Carl-Johan Utsi is a photographer and reindeer herder in the Sirges Sámi village, whose lands include parts of Badjelánnda in Jokkmokk. He lives in symbiosis with his animals and his camera and with a foot in two worlds. There are at least two other Utsis who are professional photographers in Swedish Lapland. I ask Carl-Johan if they are related.

– Distantly, maybe. Among the Sámi, Utsi is very common. Many share the name.
– I didn’t realize that.
– No, of course.

Carl-Johan has studied engineering physics with specialization in space technology for five years at Uppsala University. Or, as he puts it, he has a ‘helluva lot of credits’. But, he says that his studies have benefited him more than he would have expected since he decided to return to reindeer herding.
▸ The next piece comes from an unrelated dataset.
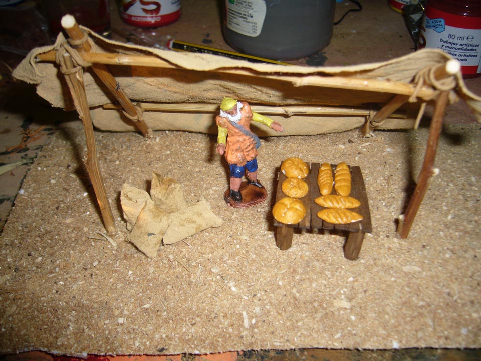 Buenas de nuevo, para el pesebre del 2012 entre otras cosas he confeccionado algunas tiendas de mercado, aqui os dejo algunas fotos del panadero en la venta de sus panes.

– Study involves problem solving, but so does reindeer herding.

Carl-Johan says he wanted to get away, to rebel against the Sámi lifestyle. He thought he could be anything, do a doctorate, solve the fusion problem, and win a Nobel Prize. But, during a break in his fourth year of studies, Carl-Johan’s father said that his boy was doing so well in school that it might be time to sell the reindeer. That cut Carl-Johan like a knife; he’d never really considered it. He wasn’t prepared to lose that part of his life. His father promised to keep the reindeer for a couple of more years, until Carl-Johan had graduated.

– Life in the reindeer forest is a feeling but, at the same time, it is an absolute reality. I mean, when you get your snowmobile stuck in soavli – ‘water on top of the ice’ – out on the lake and you have to struggle for a couple of hours, that’s just part of a normal working day in the life of a reindeer herder. Even so, there’s something else there as well, something we have in our genes.
– The reindeer is our strongest link with nature. That is my real connection with reality.
– Anyone can do a 9-to-5 job; where’s the challenge in that? But try succeeding at reindeer herding. It’s impossible if you don’t understand deep within your innermost being that you are totally dependent on that clacking sound, the sound of reindeer hooves. It’s almost metaphysical. Something I cannot do without. Yes, for me, that sound is purely physical; the thought of not hearing it hurts.

Visut is a North Sámi word. For me, it means ‘everything I will ever want or ever need’

– Is that why you chose this – getting your snowmobile stuck in the slush, never knowing if the ice will freeze, constant fear of accidents and trouble – instead of a career in space physics?
– I don’t know. It’s sort of weird and ambiguous. In the woods, there are no high demands or expectations; I simply want to be outdoors. And that feeling is wonderfully liberating. At the same time, it’s bloody difficult to make a go of it financially or business-wise.
– But you can’t do without it – or?
– It’s tough. But if you asked me what the reindeer means, my answer would have to be Visut.
– Visut; what does that mean?
– Visut is a North Sámi word. For me, it means ‘everything I will ever want or ever need’.